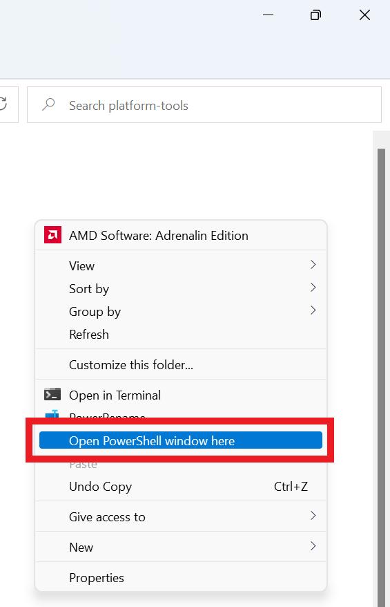 Steg 4:Medan du stannar i den ADB-mappen, tryck påSkift-tangentenochhögerklickavar som helst i mappen.
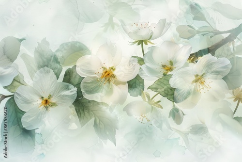 © Bipul Kumar, Obraz premium Soft Focus White Flowers with Green Leaves on a Blurred Background
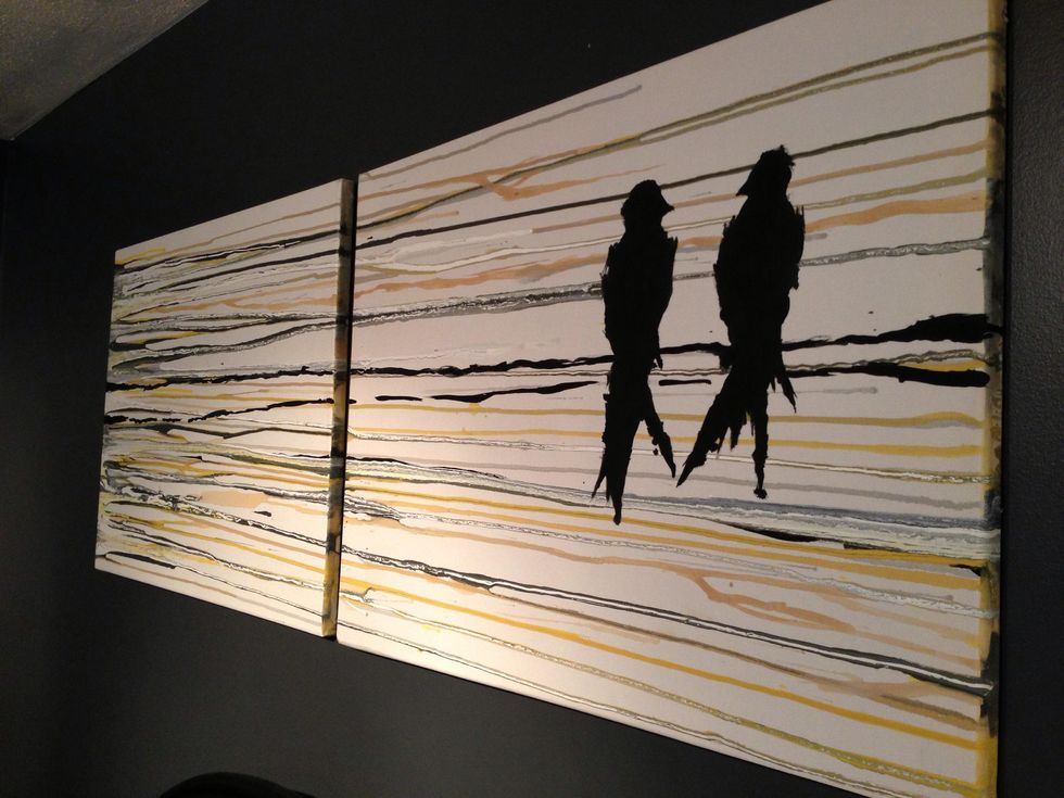 At the end of one canvas, paint a small circle and larger pointed oval underneath. Paint long black strokes and the end of the oval to make the tale feathers.
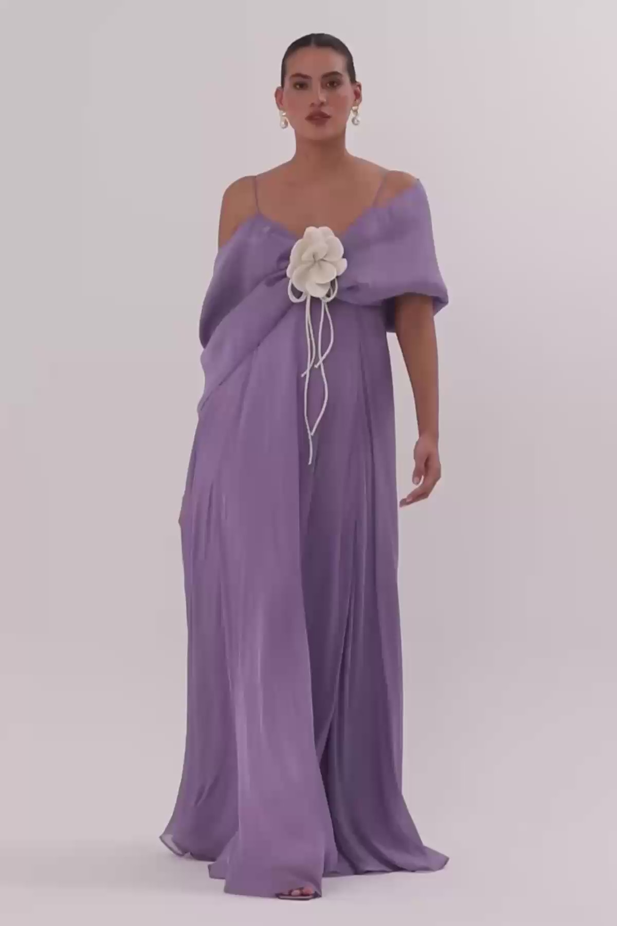 Omuz Drapeli Uzun Elbise
========================
### [Your task]
Reproduce nothing but the lines from the line containing "At the end of" through the last line of the data above, exactly as written and without pictures.

### [Result for this task]
 At the end of one canvas, paint a small circle and larger pointed oval underneath. Paint long black strokes and the end of the oval to make the tale feathers.
 Omuz Drapeli Uzun Elbise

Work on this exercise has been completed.